Over the years, I've carefully cultivated an approach to shopping that allows me to avoid it most of the time. Ursula doesn't even ask any more, and Molly and George have learned I'm a killjoy at the mall. In short, they don't ask; I don't go; and we're all happy. So, what does this mean when we're in a place famous for it's markets?
In Marrakech, the 'souks' (markets) are never-ending and mind-boggling. Between dodging small motorcycles and ducking aggressive vendors, I could not find a moment's peace. When I was alone, I walked briskly, mostly avoided eye contact, and stole quick glances into the alleyways and stalls. I know this sounds awful, but it was my best 'anti-shopper' survival technique.
When I was with others, such as my family or the Bruces, I frequently had to slow down and wait for others who were actually enjoying the experience and interaction. (I can't imagine walking through these places with John Beachli, who would be happy to talk to everyone!) This made me an easy target for every guy pretending he's my friend so he could try to sell something to me.
Which brings me to today.
We arrived in Fes last night, tired and hungry. After checking in, we made a brief visit to the edge of the souk before having a quick dinner and retiring to our lovely riad for the night. If Marrakech is a rabbit warren, this place is an ant colony. George realized we had moved to another level of authentic when he saw a camel's head hanging in the butcher shop. Suddenly the live chickens getting butchered in Marrakech didn't seem so exotic. The guide book says you have to be careful to avoid getting run over by motorcycles in Marrakech; they make a similar warning about donkeys in Fes. 'nuff said, I think.
Consequently, I've decided to hire an licensed guide to take us through this place today. While I may not be ready to join the 'bus tour' crowd yet, I am looking forward to having someone protect me from leather, ceramic and handicraft merchants in my face all day long. Having someone who can say "buzz off" in Arabic will be worth whatever it costs.
All this brings me to the place I quickly learned to love - Essaouira. This seaside town is historic and beautiful. There are no cars or motorcycles in the market areas - or donkeys. The vendors are laid back and good natured. Hearing the ocean waves crash in the background is an added bonus. Our little hotel was lovely, and we enjoyed several good places to eat for reasonable prices. We even found a place on Sunday night that served real beer!
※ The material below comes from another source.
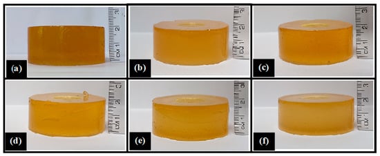 Emulgel-based candy formulations. (a) AP00, (b) AP10, (c) AP15, (d) AP20, (e) AP25, and (f) AP30.
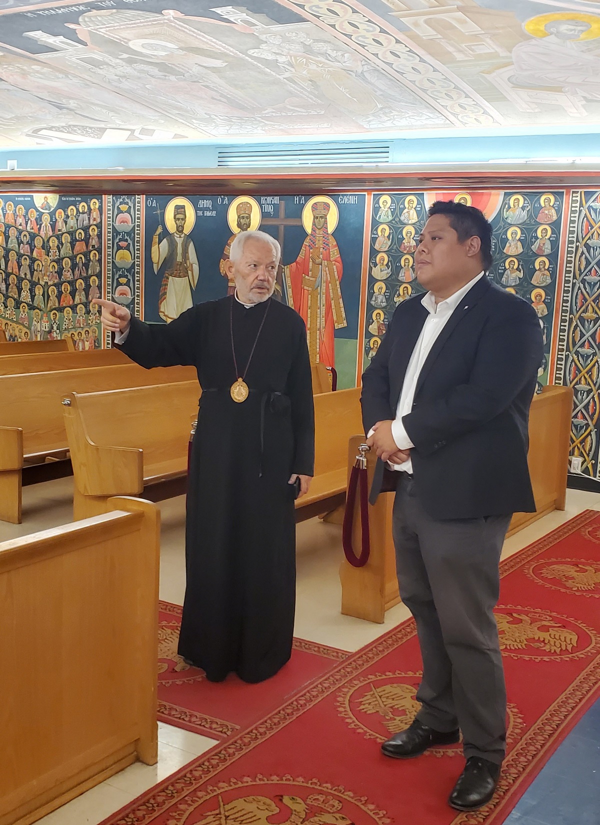 Ο Αρχιεπίσκοπος Σωτήριος προσέφερε στον κ. Βουλευτή διάφορα δώρα, βιβλία και την Ορθόδοξη Κατήχηση, την οποία ο ίδιος ο Αρχιεπίσκοπος έγραψε.

Don't get me wrong, I'm very happy we came to Morocco. I always wanted to visit Marrakech, and the more I read about Fes, the more it interested me too. If I could borrow Harry Potter's invisible cloak, life would be perfect here. But, if I ever return to Morocco, I'll fly to London, catch an EasyJet flight to Essaouira's small airport, rent an oceanfront condo for a month, run on the beach every morning, visit the fish market when the boats return in the afternoon, and enjoy coffee (and some beer) in the old town afterwards. That's something I could look forward to!
We just got back from our half day walking tour of Fes. This was the best $50 I've spent in a long time for a couple of reasons. (Unfortunately, George has a sore toe today, so he didn't join us. Molly is exhausted about walking and listening for 3 hours straight, but she gutted it out with us.)
First off, the biggest advantage of a guide for me was that I didn't need to 'be in charge' to find my way around and decide which way to turn at every intersection. In this city, you cannot imagine how advantageous that is. Rather, I was a passenger, and loved every minute of it.
Second, as hoped for, we got a knowledgable local who showed us stuff we wouldn't have found on our own in a week. We told him before we left we weren't interested in buying anything, and I think he conveyed that to merchants every time we entered a specialty markets.
Fes is an unbelievable place. Imagine a walled medieval city, completely vehicle free and home to 200,000 people. (The entire city is 1.2 million, but the majority live outside the walls.) Some streets are so narrow my shoulders were almost touching on both sides. What I didn't realize is that the city was designed this way primarily as a security mechanism to confuse and confound invaders. This place isn't car-free by choice, you could hardly ride a bicycle on most of these streets.
Anyway, this place is pretty special. Today we saw stuff I couldn't have imagined. Very cool.